[INFORMATION]

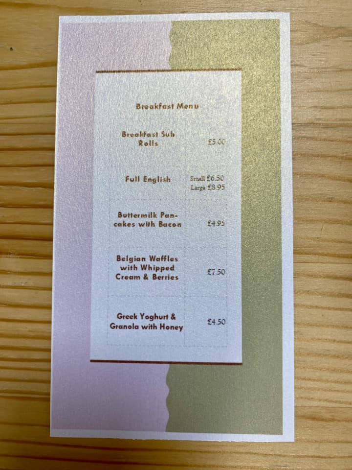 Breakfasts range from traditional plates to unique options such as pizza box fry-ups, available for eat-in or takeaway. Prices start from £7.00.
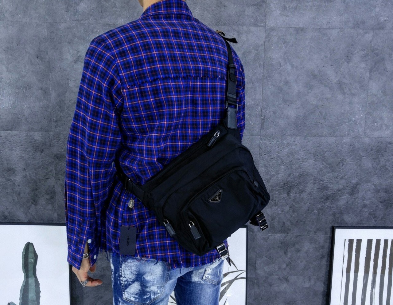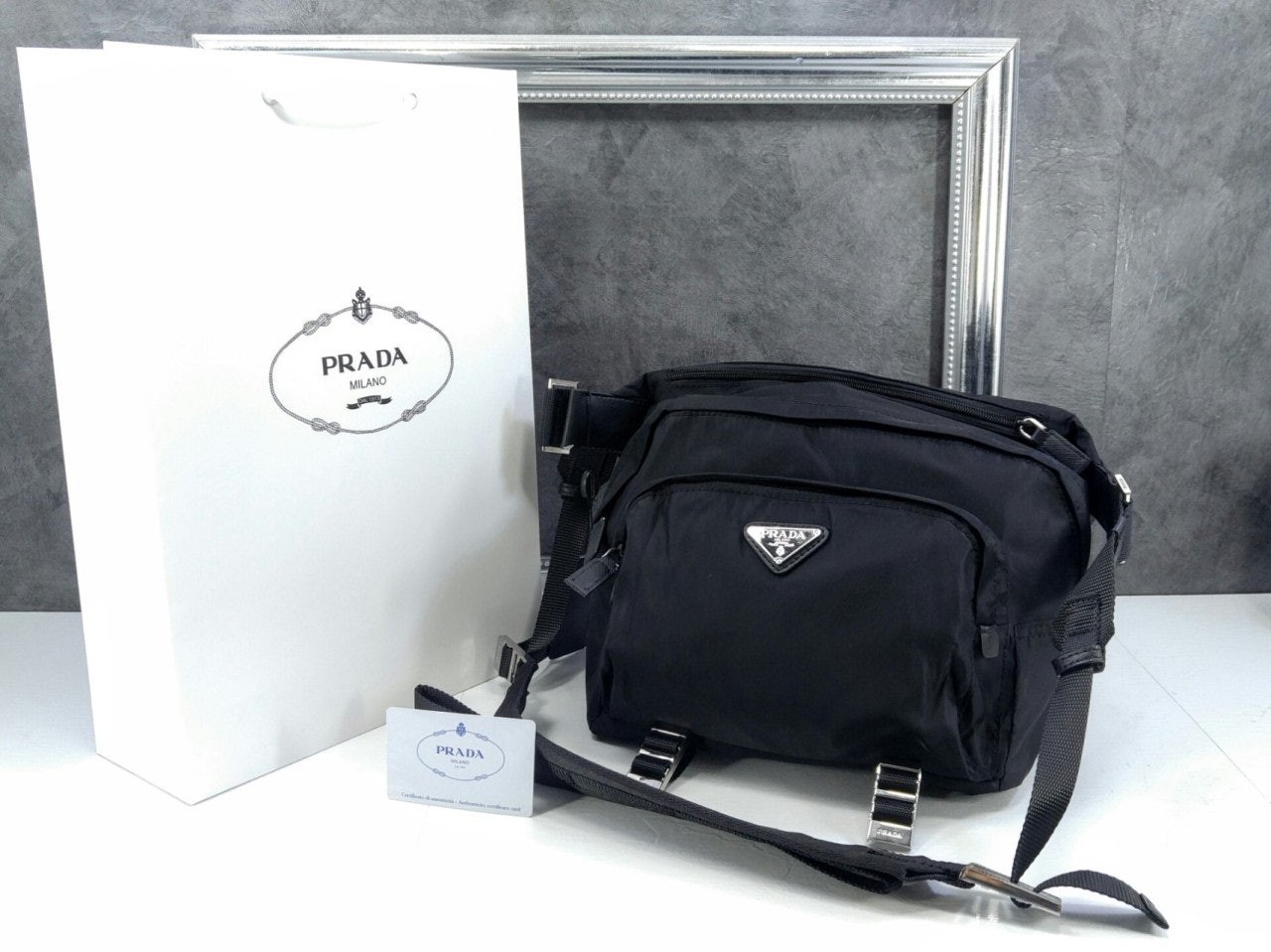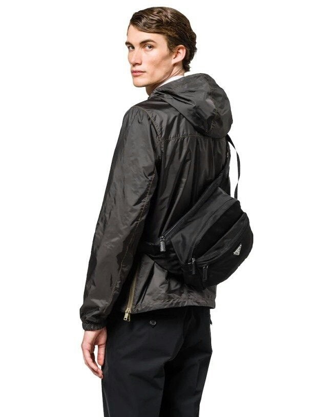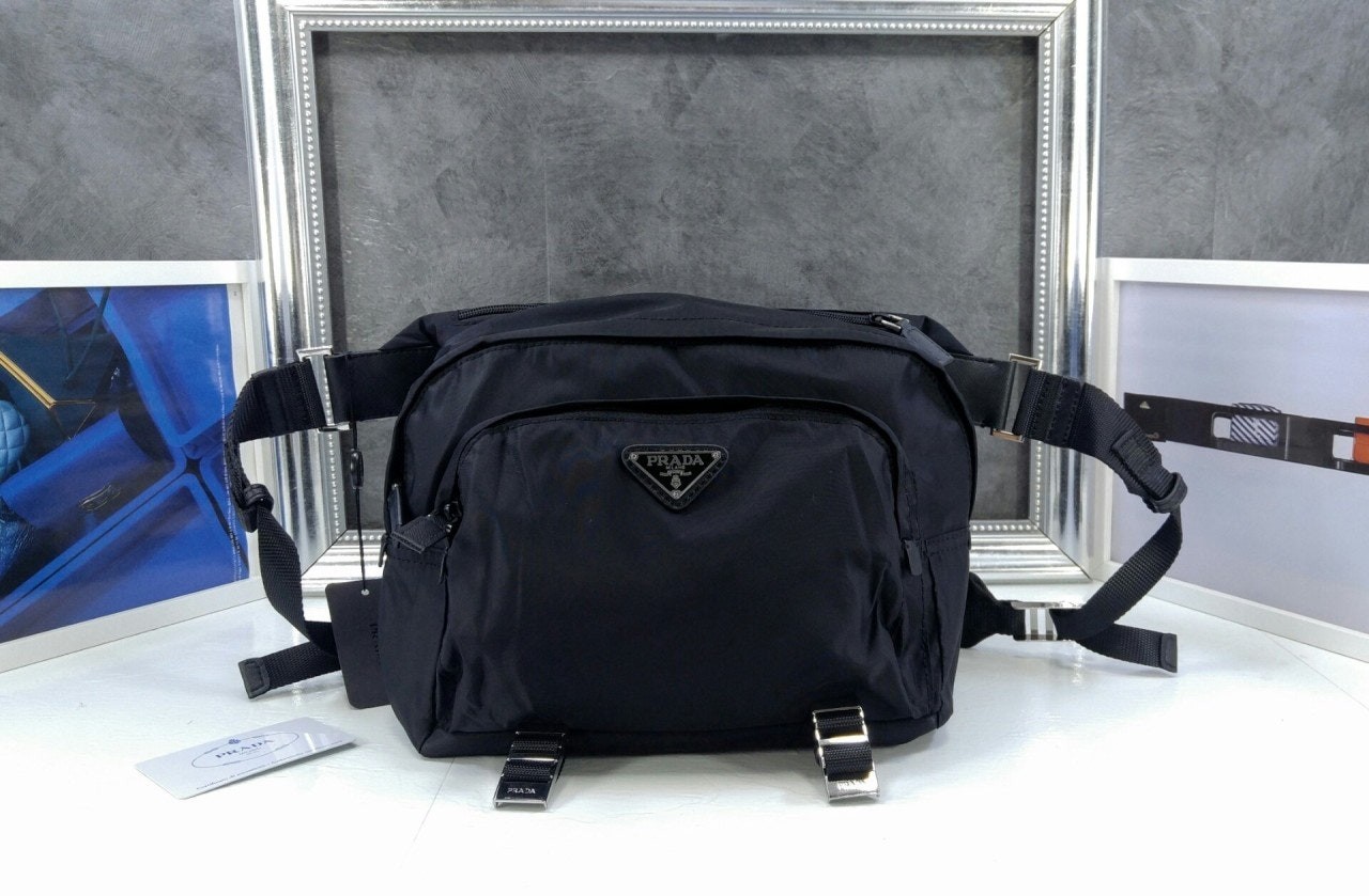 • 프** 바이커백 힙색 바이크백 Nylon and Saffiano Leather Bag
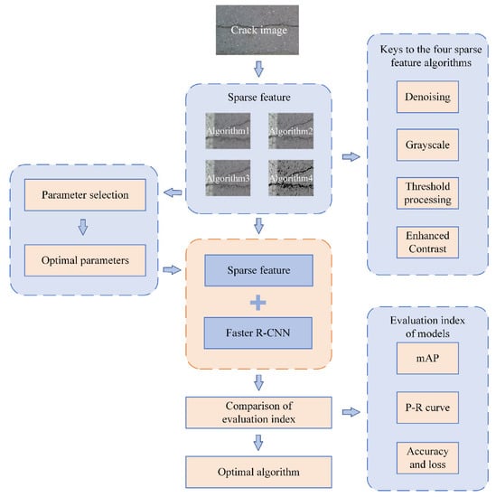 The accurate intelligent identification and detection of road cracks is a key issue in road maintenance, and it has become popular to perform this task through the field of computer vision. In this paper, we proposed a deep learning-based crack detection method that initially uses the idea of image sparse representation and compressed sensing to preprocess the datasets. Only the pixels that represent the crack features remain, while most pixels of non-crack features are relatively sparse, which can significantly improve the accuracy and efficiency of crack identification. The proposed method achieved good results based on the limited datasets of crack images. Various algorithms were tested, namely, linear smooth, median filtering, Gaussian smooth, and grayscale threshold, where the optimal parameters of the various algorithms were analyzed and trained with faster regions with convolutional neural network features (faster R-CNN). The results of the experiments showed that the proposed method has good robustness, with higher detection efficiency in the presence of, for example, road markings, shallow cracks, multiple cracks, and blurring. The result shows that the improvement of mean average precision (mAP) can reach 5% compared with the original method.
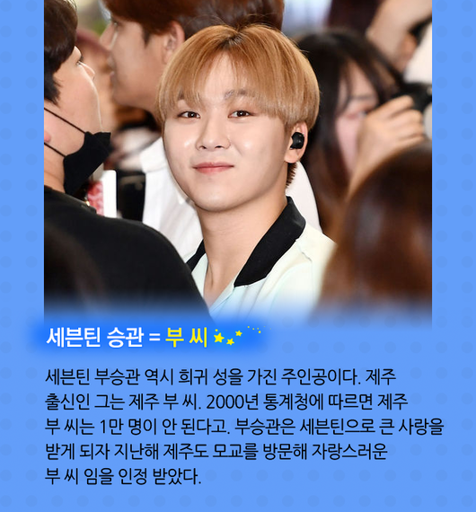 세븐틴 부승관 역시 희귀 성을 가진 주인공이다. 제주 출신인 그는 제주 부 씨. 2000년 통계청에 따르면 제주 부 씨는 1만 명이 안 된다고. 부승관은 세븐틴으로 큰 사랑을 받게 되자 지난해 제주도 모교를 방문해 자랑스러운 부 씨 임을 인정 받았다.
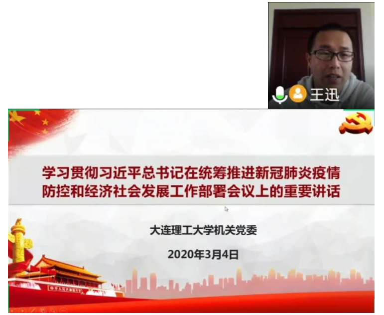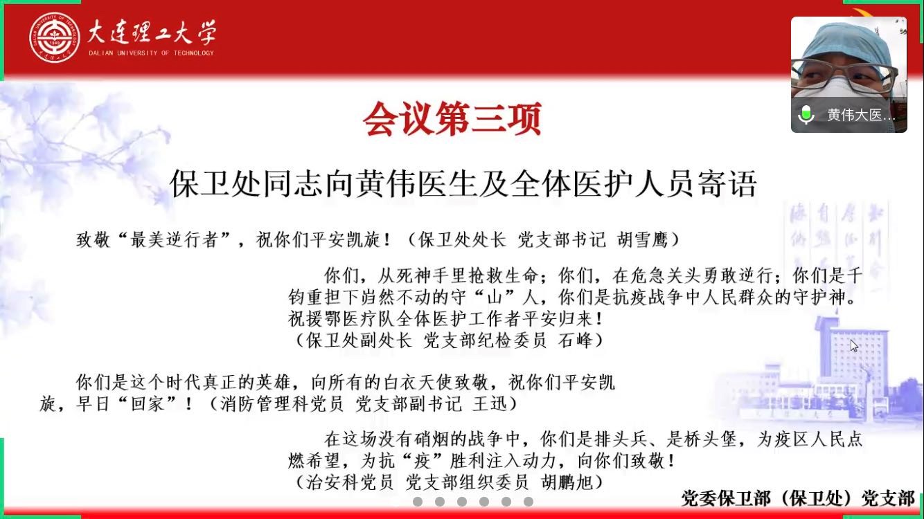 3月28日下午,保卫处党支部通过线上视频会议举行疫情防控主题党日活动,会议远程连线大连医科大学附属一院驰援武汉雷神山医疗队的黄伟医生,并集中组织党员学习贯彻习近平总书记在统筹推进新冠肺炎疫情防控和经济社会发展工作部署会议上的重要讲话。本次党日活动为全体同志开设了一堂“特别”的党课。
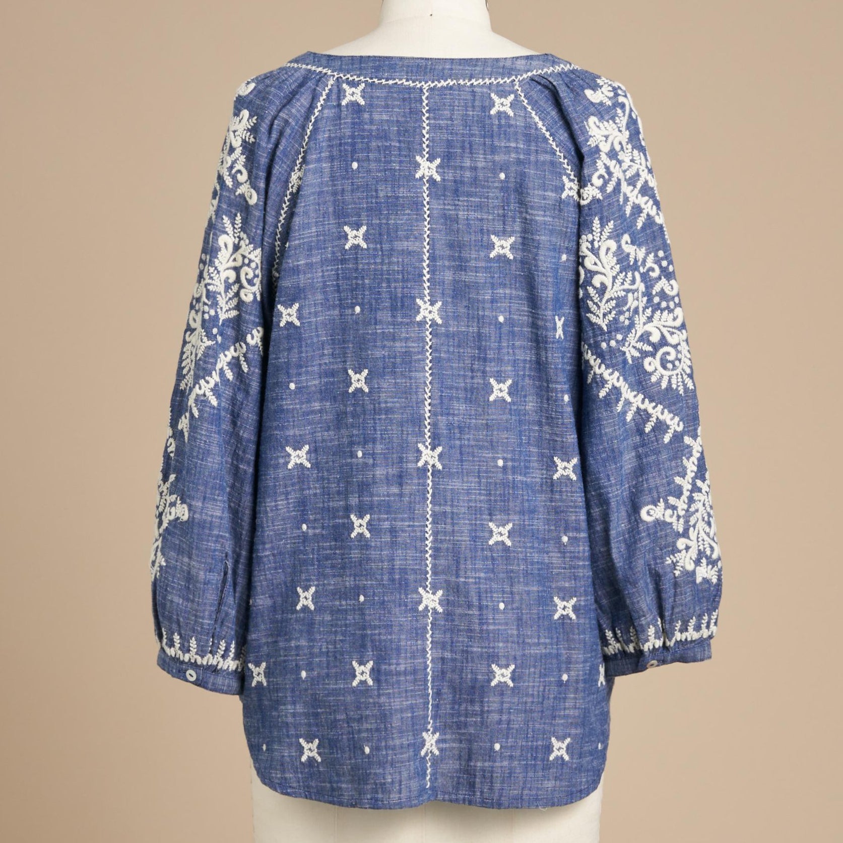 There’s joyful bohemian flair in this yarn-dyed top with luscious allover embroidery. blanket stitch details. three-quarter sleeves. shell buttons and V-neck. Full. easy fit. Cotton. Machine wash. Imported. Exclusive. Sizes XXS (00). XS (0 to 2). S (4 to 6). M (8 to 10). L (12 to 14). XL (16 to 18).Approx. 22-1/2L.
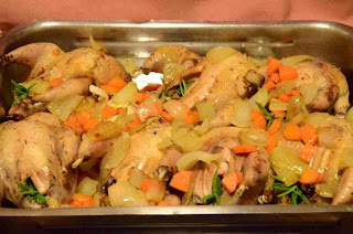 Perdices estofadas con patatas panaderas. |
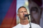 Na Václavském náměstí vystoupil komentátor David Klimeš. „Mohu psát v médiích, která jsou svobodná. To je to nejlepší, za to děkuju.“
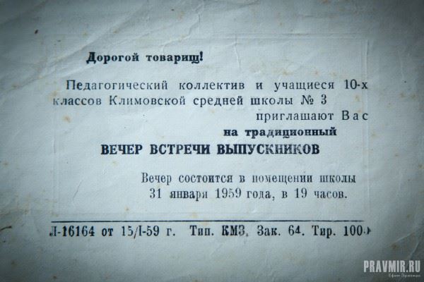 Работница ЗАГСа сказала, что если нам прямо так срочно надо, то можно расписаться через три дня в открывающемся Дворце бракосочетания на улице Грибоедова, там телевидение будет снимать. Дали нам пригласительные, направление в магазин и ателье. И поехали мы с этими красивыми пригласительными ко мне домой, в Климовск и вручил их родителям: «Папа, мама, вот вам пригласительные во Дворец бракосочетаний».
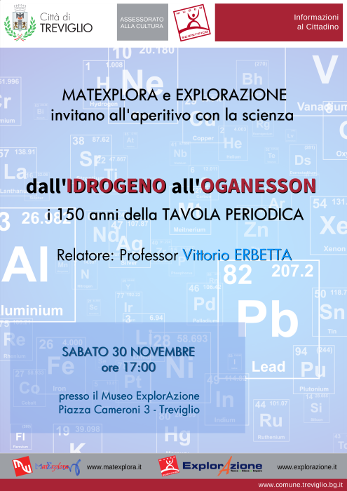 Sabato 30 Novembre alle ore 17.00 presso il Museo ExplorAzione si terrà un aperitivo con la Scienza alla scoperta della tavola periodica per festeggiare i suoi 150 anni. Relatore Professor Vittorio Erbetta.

[TASK GOAL] Exclude the pictures, and transcribe all of the material exactly.

[EXERCISE RESULT]
 Breakfasts range from traditional plates to unique options such as pizza box fry-ups, available for eat-in or takeaway. Prices start from £7.00.
 • 프** 바이커백 힙색 바이크백 Nylon and Saffiano Leather Bag
 The accurate intelligent identification and detection of road cracks is a key issue in road maintenance, and it has become popular to perform this task through the field of computer vision. In this paper, we proposed a deep learning-based crack detection method that initially uses the idea of image sparse representation and compressed sensing to preprocess the datasets. Only the pixels that represent the crack features remain, while most pixels of non-crack features are relatively sparse, which can significantly improve the accuracy and efficiency of crack identification. The proposed method achieved good results based on the limited datasets of crack images. Various algorithms were tested, namely, linear smooth, median filtering, Gaussian smooth, and grayscale threshold, where the optimal parameters of the various algorithms were analyzed and trained with faster regions with convolutional neural network features (faster R-CNN). The results of the experiments showed that the proposed method has good robustness, with higher detection efficiency in the presence of, for example, road markings, shallow cracks, multiple cracks, and blurring. The result shows that the improvement of mean average precision (mAP) can reach 5% compared with the original method.
 세븐틴 부승관 역시 희귀 성을 가진 주인공이다. 제주 출신인 그는 제주 부 씨. 2000년 통계청에 따르면 제주 부 씨는 1만 명이 안 된다고. 부승관은 세븐틴으로 큰 사랑을 받게 되자 지난해 제주도 모교를 방문해 자랑스러운 부 씨 임을 인정 받았다.
 3月28日下午,保卫处党支部通过线上视频会议举行疫情防控主题党日活动,会议远程连线大连医科大学附属一院驰援武汉雷神山医疗队的黄伟医生,并集中组织党员学习贯彻习近平总书记在统筹推进新冠肺炎疫情防控和经济社会发展工作部署会议上的重要讲话。本次党日活动为全体同志开设了一堂“特别”的党课。
 There’s joyful bohemian flair in this yarn-dyed top with luscious allover embroidery. blanket stitch details. three-quarter sleeves. shell buttons and V-neck. Full. easy fit. Cotton. Machine wash. Imported. Exclusive. Sizes XXS (00). XS (0 to 2). S (4 to 6). M (8 to 10). L (12 to 14). XL (16 to 18).Approx. 22-1/2L.
 Perdices estofadas con patatas panaderas. |
 Na Václavském náměstí vystoupil komentátor David Klimeš. „Mohu psát v médiích, která jsou svobodná. To je to nejlepší, za to děkuju.“
 Работница ЗАГСа сказала, что если нам прямо так срочно надо, то можно расписаться через три дня в открывающемся Дворце бракосочетания на улице Грибоедова, там телевидение будет снимать. Дали нам пригласительные, направление в магазин и ателье. И поехали мы с этими красивыми пригласительными ко мне домой, в Климовск и вручил их родителям: «Папа, мама, вот вам пригласительные во Дворец бракосочетаний».
 Sabato 30 Novembre alle ore 17.00 presso il Museo ExplorAzione si terrà un aperitivo con la Scienza alla scoperta della tavola periodica per festeggiare i suoi 150 anni. Relatore Professor Vittorio Erbetta.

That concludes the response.